Network Information Retrieval (a) retrieval model: boolean, vector, probabilistic retrieval

First, the basic concept

1. Why modeling?

 model is an abstraction of a process or an object for study attributes concluded that to make predictions. Conclusion The quality depends on how closely the model represents reality

Quality  conclusion depends on the model represents reality closeness, such as robotics

2. What is the retrieval model

IR's core issue: to predict which documents are relevant and which documents are irrelevant. The main work of this sort is that the core of the problem, how to calculate the relevance of this sort in order to process the document.
Retrieval model describes the following details
 document representation (Document representation) - to the library documents indicate
 inquiries (Query representation) - query entered by the user representation
 comparison method (Comparison function) - How to resolve to sort the documents
of different reduction model uses the concept of correlation is not the same.

3. Feature form retrieval model

Here Insert Picture Description

Two, General method- shared bag of words

 retrieval process is very difficult to determine the relevant information, user demand is very vague, including information about the context, requirements, etc., must be as simple as possible.
(1) bag of words shared assumptions - the most basic assumptions - to determine the relevance of the word
all words (document, query) come from the same dictionary, the same as when certain words between the two, is considered relevant.
(2) bag of words method - with the word-based (like grammar structure)
to each document as a bag of words filled with words, information retrieval is a document matching words in the query words.

1. Index terms

Defined index words: key word (word) extracted from the list file or dictionary or word (phrase), can reflect the description on the level of the material content of primary or secondary.

 general terms in the document, but identifying nouns has always been a particularly difficult task, it is generally only remove stop words, the ground was like.
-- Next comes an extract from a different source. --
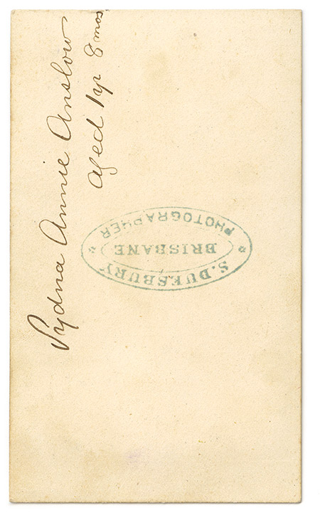 Sydna Annie Anslow was born 3 March 1868, so this photograph was taken around November 1869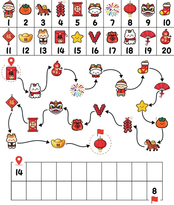 按路线的方向写出每个图形对应的数字。

 Now suppose that in addition to the stop words are indexed word (text representation), general data storage no problem.

2. Right word weight

Not all the words to express the theme of the document, in order to measure the weight of a word on the importance of this document. Note that the weight of a word is meaningful only in the corresponding document. The weight of the right word for the ability to index the contents of the document.
Here Insert Picture Description

3. The classic model retrieval

Here Insert Picture Description
Two how they represent the core of a comparison process?

Third, the Boolean model

 simple search model set theory.
 index term binarization process, the right word appears weight 1, the weight is not present 0.
 query is a Boolean expression. (And or not), for example, I checked the word including information and learning, information or learning.
And or not the computer for a bit difficult to understand, we generally expressed a general inquiry into several disjunctive conjunctions, so that the computer understand.

1.Case

Here Insert Picture Description

2. Similarity measure

Here Insert Picture Description
 documents meet Boolean queries, then the similarity is 1, otherwise the similarity is 0, there is no third possibility.

3. Retrieval step

 First step: each document documentation set is expressed as an index word vector Boolean - Indicates thesaurus
 Step two: the query is expressed as DNF - represents a query
 The third step: the similarity is calculated according to calculating the similarity of each document to the query (0 OR 1); - comparing
 fourth step: if the similarity is 1, indicates a match, the document can be output as a result; If the similarity is 0, indicating a mismatch, that the the document does not meet the needs of users. - The output document
his work can be done two represent a comparison, but can not complete the order, only the binary output of this shortcoming.

4. Example Searches

Here Insert Picture Description

5. Boolean model discussion:

(1) Advantages

AND indicate the relationship between the concepts.
OR can represent an alternative vocabulary. (Synonym)
NOT can be expressed antonyms.
 accurate and efficient (0-1 indicates, very efficient disjunctive normal form), simple and elegant.
(2) disadvantages

 natural language is complex. AND dig some relationship does not exist, in different sentences, paragraphs, words are bound together by force. OR use words is very difficult to guess, but also the need to manually select the synonyms training. To exclude guess words more difficult.
 All are exact matches: based on binary decision, there is no partial match, but IR is actually a fuzzy query. Often too few or too many retrieved documents.
 not result Sort: No sorting mechanism, only the relevant or irrelevant, no level changes.
 Boolean query represented: allows users to use or not and represent the query. User burden is too large, so the query the user structure is usually too simple.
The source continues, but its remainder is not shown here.